Data:
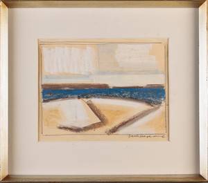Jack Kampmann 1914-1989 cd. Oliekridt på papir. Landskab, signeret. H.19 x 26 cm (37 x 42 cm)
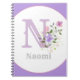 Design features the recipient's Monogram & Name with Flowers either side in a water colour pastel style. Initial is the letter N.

==

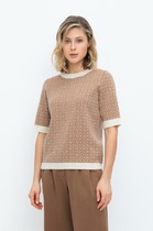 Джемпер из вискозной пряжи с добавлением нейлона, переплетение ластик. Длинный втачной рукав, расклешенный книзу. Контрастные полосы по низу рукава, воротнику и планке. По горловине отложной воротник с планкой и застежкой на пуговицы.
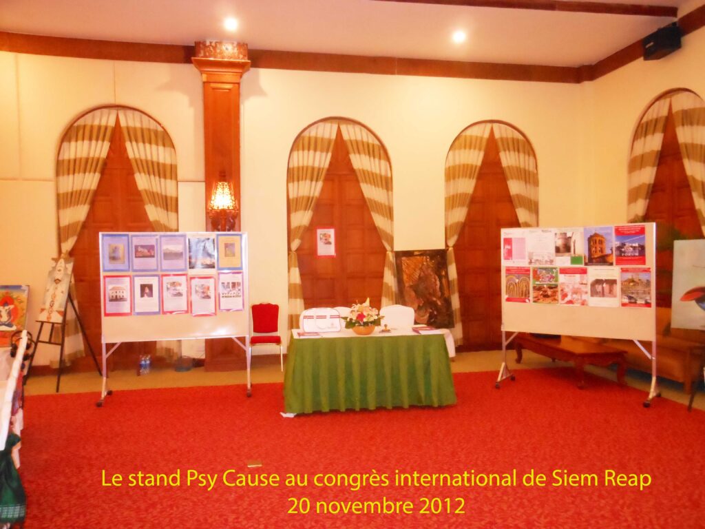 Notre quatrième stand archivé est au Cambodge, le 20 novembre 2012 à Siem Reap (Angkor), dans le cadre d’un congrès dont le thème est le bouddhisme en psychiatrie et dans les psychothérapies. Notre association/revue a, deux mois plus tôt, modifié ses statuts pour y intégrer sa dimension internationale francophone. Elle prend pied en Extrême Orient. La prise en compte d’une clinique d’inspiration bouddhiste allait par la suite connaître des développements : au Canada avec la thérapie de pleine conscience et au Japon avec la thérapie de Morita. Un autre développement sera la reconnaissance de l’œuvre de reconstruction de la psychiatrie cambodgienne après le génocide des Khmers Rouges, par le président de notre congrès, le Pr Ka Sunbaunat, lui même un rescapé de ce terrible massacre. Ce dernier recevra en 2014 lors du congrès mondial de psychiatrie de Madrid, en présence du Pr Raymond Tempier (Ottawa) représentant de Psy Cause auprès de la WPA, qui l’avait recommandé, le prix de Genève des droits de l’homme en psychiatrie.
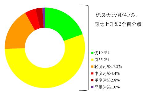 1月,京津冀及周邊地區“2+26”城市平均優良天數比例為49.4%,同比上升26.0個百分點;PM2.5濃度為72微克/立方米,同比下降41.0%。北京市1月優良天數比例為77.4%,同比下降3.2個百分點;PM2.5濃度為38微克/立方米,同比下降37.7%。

---

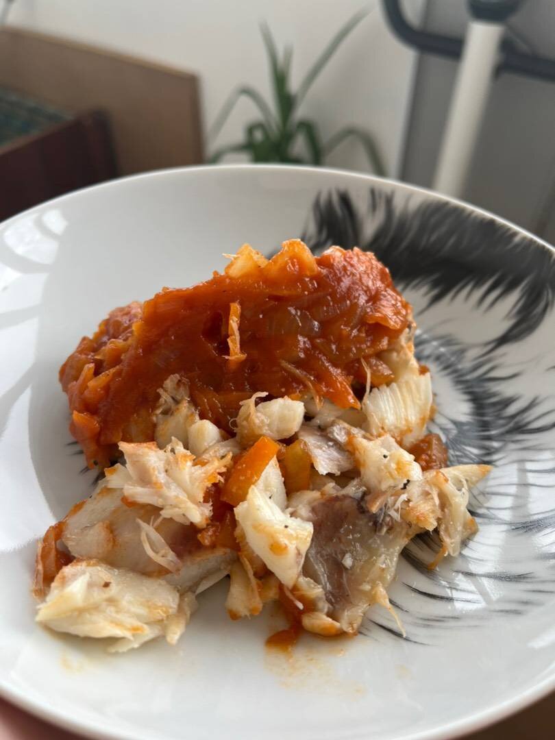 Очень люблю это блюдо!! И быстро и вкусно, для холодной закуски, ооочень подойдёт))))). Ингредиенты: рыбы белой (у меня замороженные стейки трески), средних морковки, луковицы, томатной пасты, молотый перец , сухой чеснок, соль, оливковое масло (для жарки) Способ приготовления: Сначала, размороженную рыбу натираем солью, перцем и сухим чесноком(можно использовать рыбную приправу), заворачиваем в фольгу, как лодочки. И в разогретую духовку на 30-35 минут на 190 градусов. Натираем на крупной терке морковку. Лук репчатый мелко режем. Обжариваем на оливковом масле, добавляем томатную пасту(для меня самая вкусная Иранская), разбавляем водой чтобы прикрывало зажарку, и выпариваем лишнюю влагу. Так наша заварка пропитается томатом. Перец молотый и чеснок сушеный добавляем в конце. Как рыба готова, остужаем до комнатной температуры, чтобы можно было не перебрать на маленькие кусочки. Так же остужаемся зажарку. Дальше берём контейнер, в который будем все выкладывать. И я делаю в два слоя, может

Task item: Exactly reproduce the lines above, starting at the one that contains "Jack Kampmann 1914-1989" and ending at the one that contains "Design features the", both inclusive; leave the pictures out and add no other lines.

Exercise response:
Jack Kampmann 1914-1989 cd. Oliekridt på papir. Landskab, signeret. H.19 x 26 cm (37 x 42 cm)
 Design features the recipient's Monogram & Name with Flowers either side in a water colour pastel style. Initial is the letter N.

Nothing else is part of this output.